Teh covered the anti-government protests in Bangkok, Thailand for The Star.

Teh covered the anti-government protests in Bangkok, Thailand for The Star.

Teh Eng Hock, bureau chief, The Star
From the bloody street protests in Bangkok to foreign diplomatic trips with the Prime Minister, Teh has covered his fair share of assignments in his eight years (and counting) as a news journalist in The Star – and it all came about after a BRATs workshop in 1998.

Teh has considered himself a part of The Star ever since. He helped out with the BRATs by facilitating workshops and organising community projects, and he also contributed articles to StarMetro.
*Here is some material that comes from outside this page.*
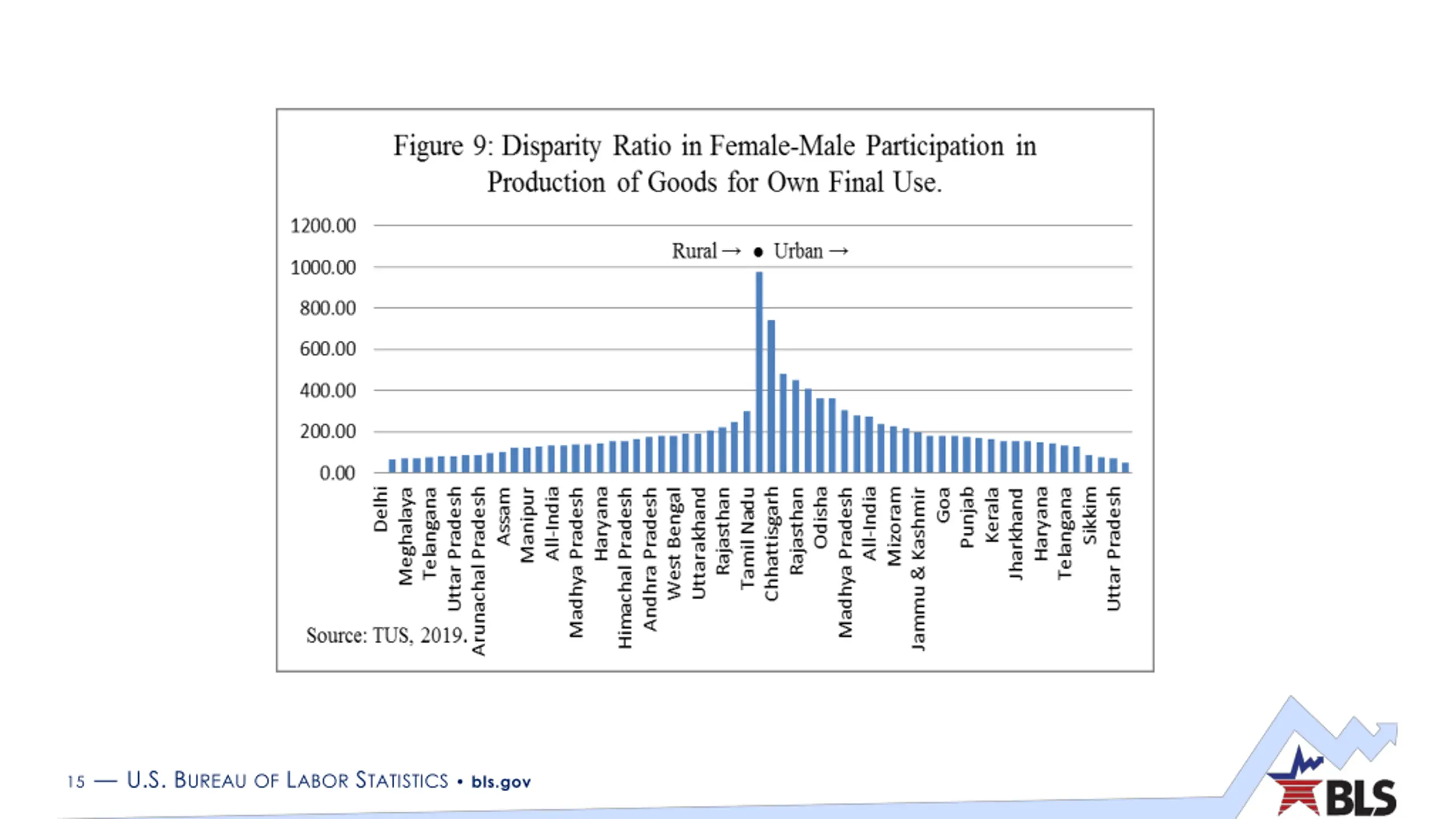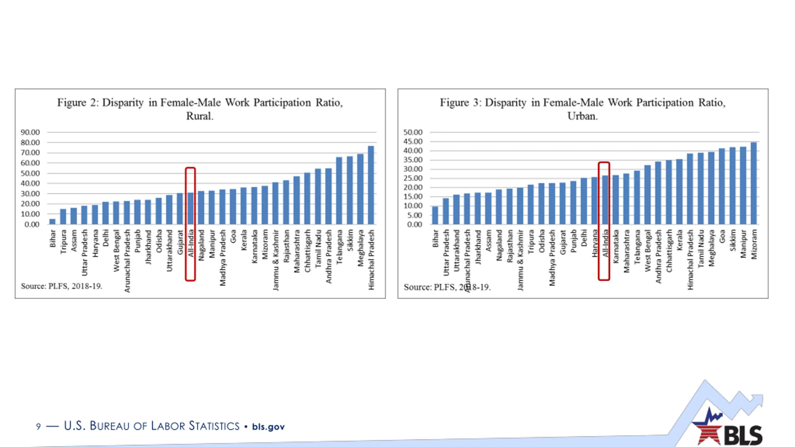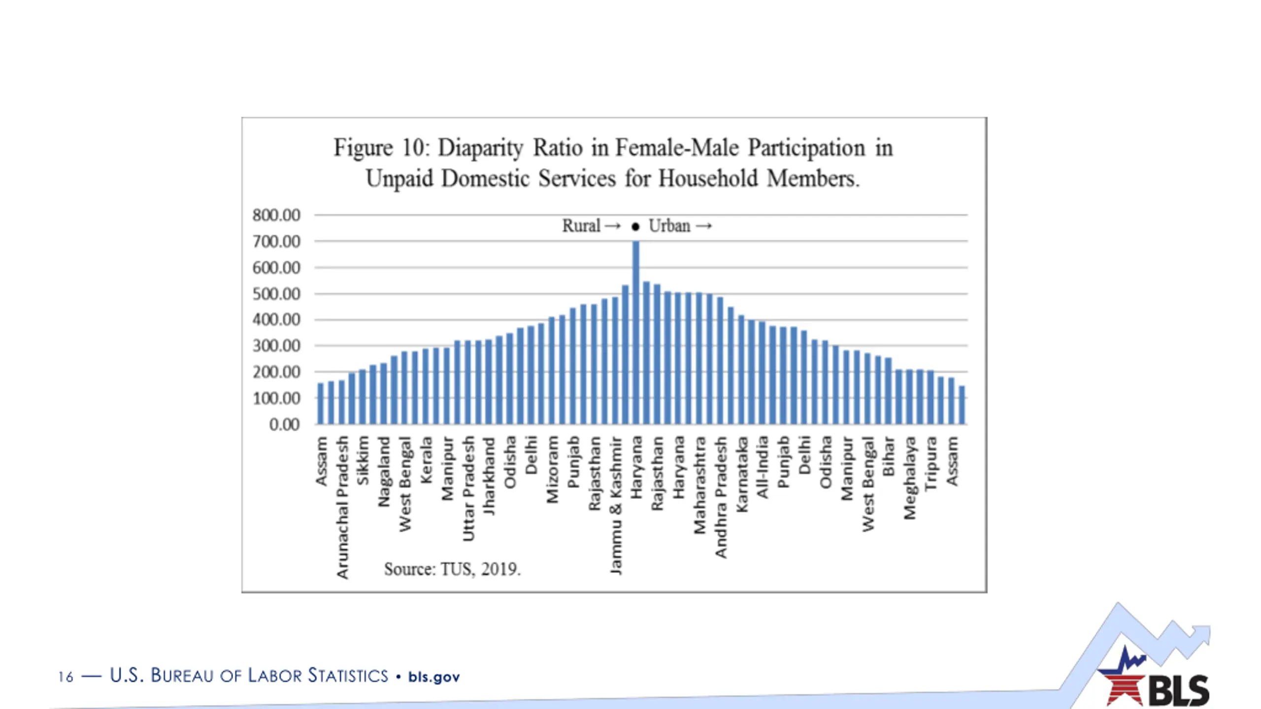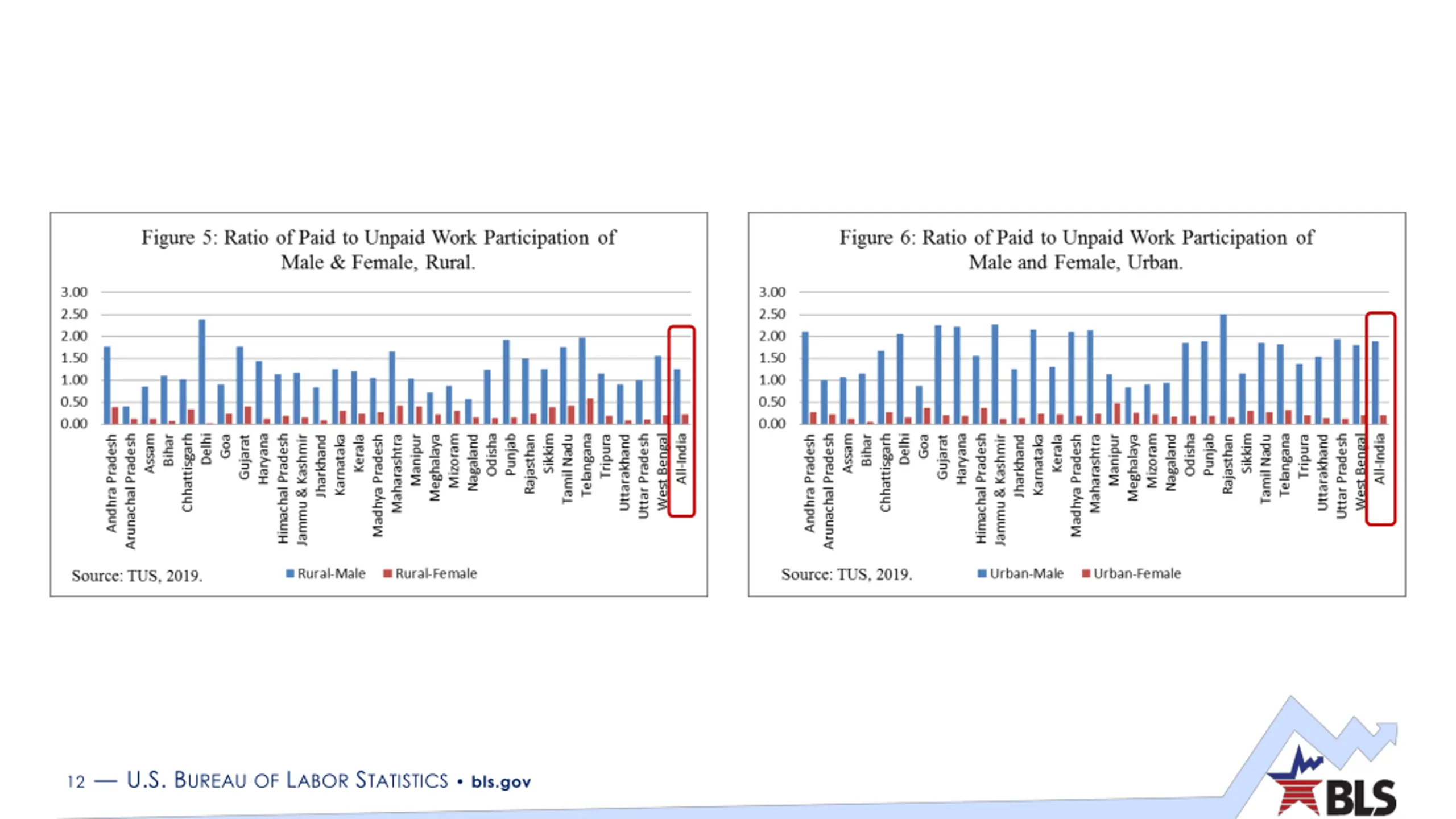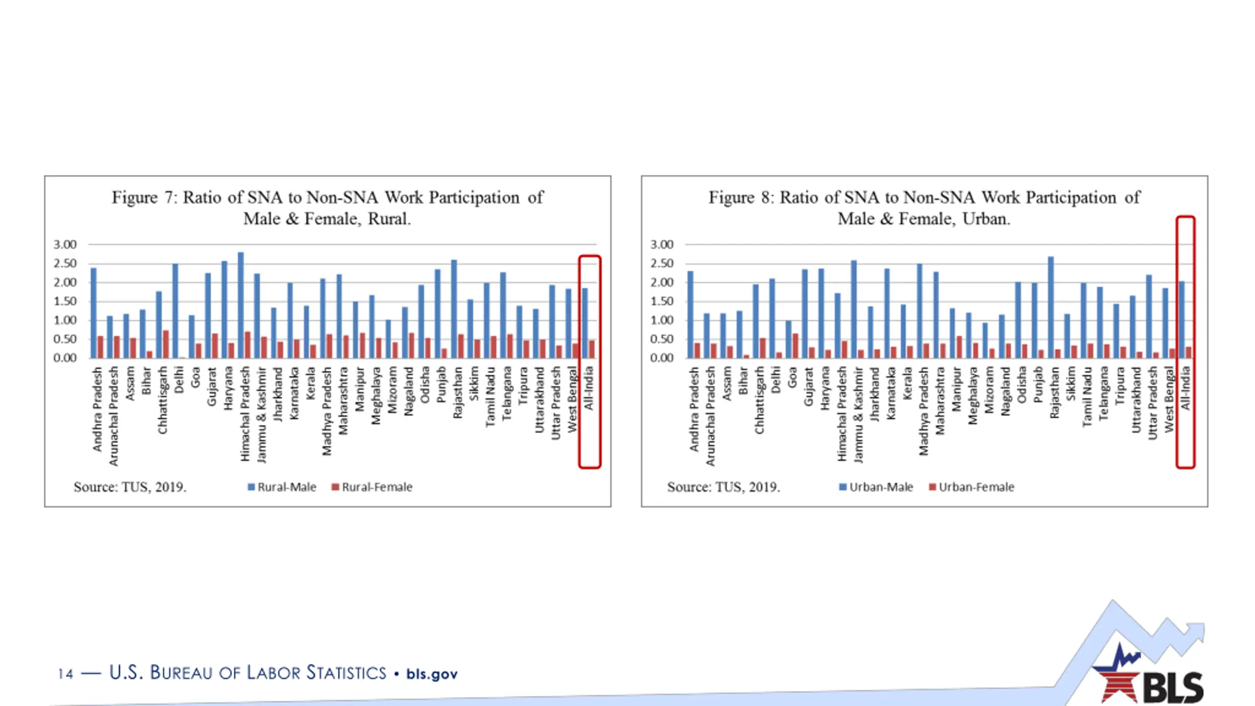 Conclusion There is huge variation in female-male paid work (especially in urban areas) and unpaid work activities across Indian states. Correlations between the state rankings in the Female-Male Worker Population Ratio and participation in employment activities are high, suggesting the surveys are capturing similar disparities in paid work. No evidence of a tradeoff between labor force participation and unpaid activities, at least in terms of participation. 18 U.S. BUREAUOF LABOR STATISTICS bls.gov

Upon graduation, he joined The Star as a full-time reporter. He is now head of the Klang bureau.

Teh on assignment at the Macau Grand Prix in 2007.
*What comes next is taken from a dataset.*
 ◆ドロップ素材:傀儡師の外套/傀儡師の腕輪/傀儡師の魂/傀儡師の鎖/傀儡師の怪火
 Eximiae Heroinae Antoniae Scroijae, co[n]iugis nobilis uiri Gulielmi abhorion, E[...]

Teh on assignment at the Macau Grand Prix in 2007.


Why did you join BRATs?

I actually thought I would get a lot of freebies, like movie passes and concert tickets. That never happened. Instead, I helped with a lot of community service programmes, which I would never have volunteered for as an individual.


What’s the fondest memory you have from your time with BRATs?

I enjoyed getting paid for my articles. And my friends and I loved seeing our photos out in the papers. We learnt pretty quickly that Uncle Chua (Kok Hwa, a photographer who recently retired from The Star) preferred candid shots, so we would pose as naturally as possible every time he walked by. But the expeditions, trips and overnight stays are the best, as that was when these life-long bonds with some of my “bestest” friends grew.


What was the most important thing you learned through BRATs?

It is the relationships which are most important. Although many of us went overseas to study, we never drifted apart (there are plenty of BRATs in Australia, Britain and the United States). In fact, two of them – Azri Zulfadli and Choo Dee Wei – became my housemates. Our apartment became an unofficial BRATs pad for the rest, with regular visitors from our fellow BRATs. We would even go for holidays together, in a bid to recreate the BRATs year-end expeditions.


What impact did BRATs have on your life?

The fact that I came full circle and chose journalism as a career should be a powerful statement. BRATs is more than just journalism, though. It opened my eyes and ears to the diversity in opinions and mindsets in society. I understood better the struggles of the less fortunate. I saw more. I listened and I was heard. I was quite shy and introverted before I joined BRATs. Today, I am confident in offering my views and taking the lead.